Dhoble branded unlicensed dentists quacks who were not worth the risk, despite a lack of ultra cheap services offered by licenced professionals for the poor.

“Ban them and they will be forced to look for another job. We can’t have cheap treatment as an excuse to continue this practise,” he said.

In Delhi’s crowded old quarter, third-generation dentist Satvinder Singh, 48, takes a lunch break from treating patients on the pavement.

Numerous posters advertising his services are propped up around him, as a multitude of vendors jostle for space.

Singh said his profession is slowly dying because of the growth of India’s formal dentist industry along with more hygiene-conscious customers.

“A few decades ago I used to get 30 customers a day. I hardly see two now,” said Singh.

“At my age I can’t change my profession. My sons are in a different business.
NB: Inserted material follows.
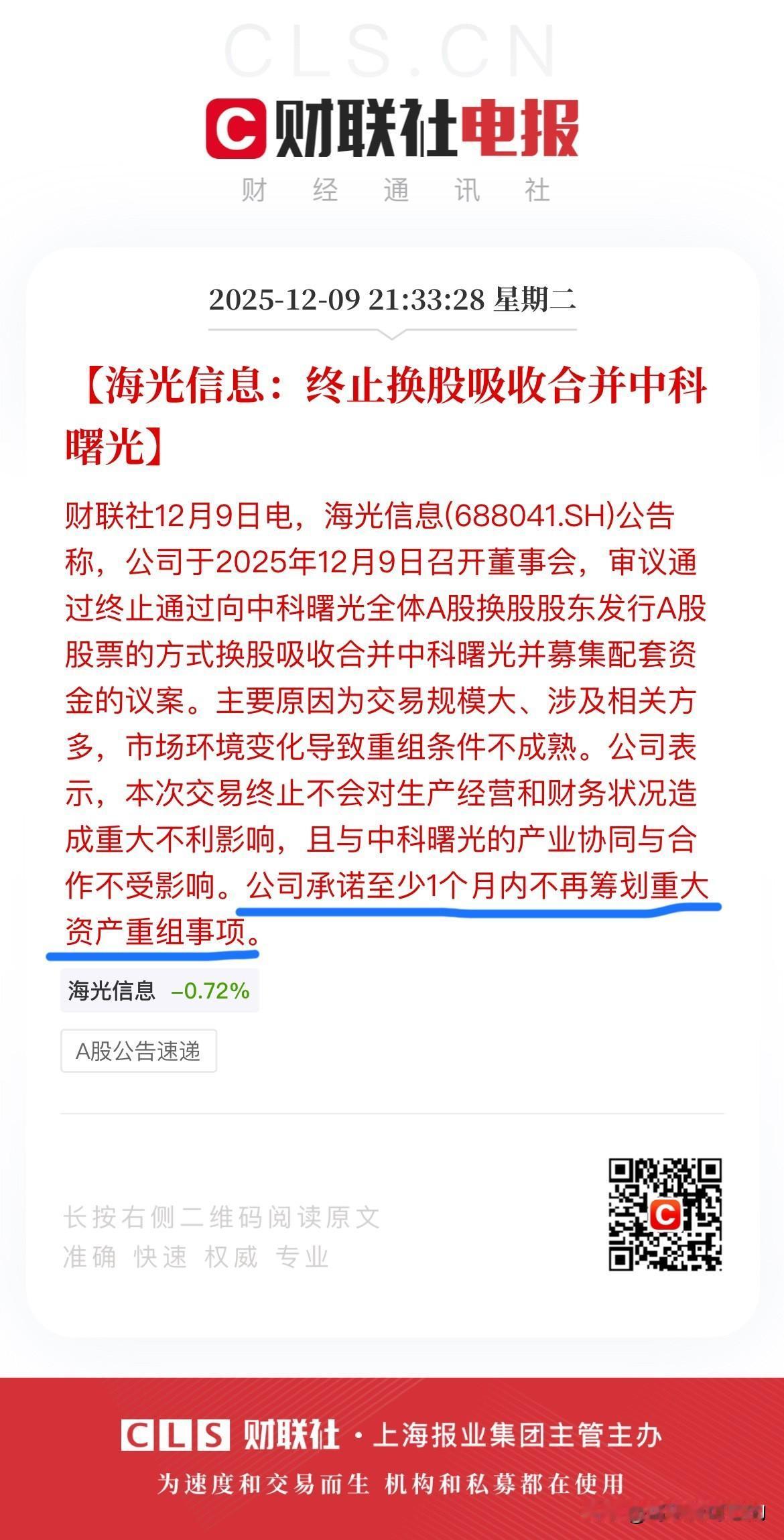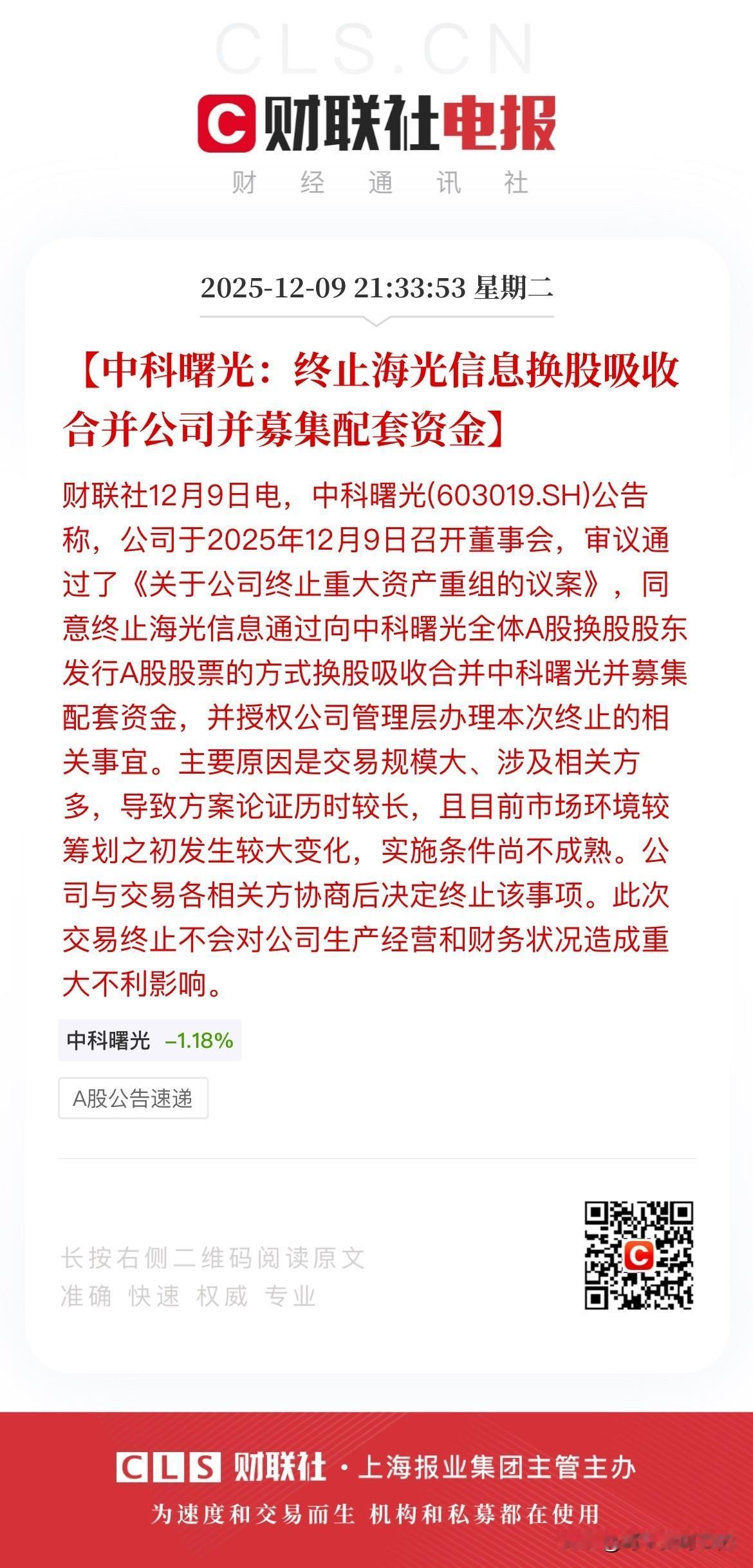 深夜利空来袭!海光信息终止换股吸收合并中科曙光! 就在刚刚,海光信息与中科曙光同时发布了吸收合并终止公告,可以确信是真消息,而并非是市场谣言! 至于终止的原因则是说是因为本次交易规模较大、涉及相关方较多,使得重大资产重组方案论证历时较长,目前市场环境较本次交易筹划之初发生较大变化,本次实施重大资产重组的条件尚不成熟。 总之,这海光信息和中科曙光联姻这事儿就到此为止了!不过海光信息最后还表示一个月内不会再进行重组,这一点倒是值得大家细品! 两家联姻就这么突然终止了,但是明天的算力板块可能就要倒霉了。毕竟这两家中海光信息市值5000亿,而中科曙光市值也是过千亿,绝对是国内算力的龙头企业。本以为在吸收合并成功后会组成国内的算力巨头,没想到如今却是草草收场,倒是有些让人唏嘘。 虽然两家合并终止了,但是持有两家公司的股民似乎并不需要太担心,因为虽然两家公司今年都有较大涨幅,但是那都是在确定重组后几个月之后才上涨的,也就是说他们的涨幅并不来源于重组的利好消息! 因此各位股民请不要太过恐慌,千万别轻易丢了筹码!

I don’t want them here,” he told AFP.

Singh said a few decades ago, traders from a nearby spice market, Asia’s largest, would line up for his false silver and gold teeth, considered a status symbol.

“Earlier rich and poor would equally visit us but now we are looked down on,” he said.

For his part, Baksh remains adamant he is improving the lives of the poor, and that his family will continue the tradition.

“We have thousands of satisfied customers, who not only pay us but give us their blessings.”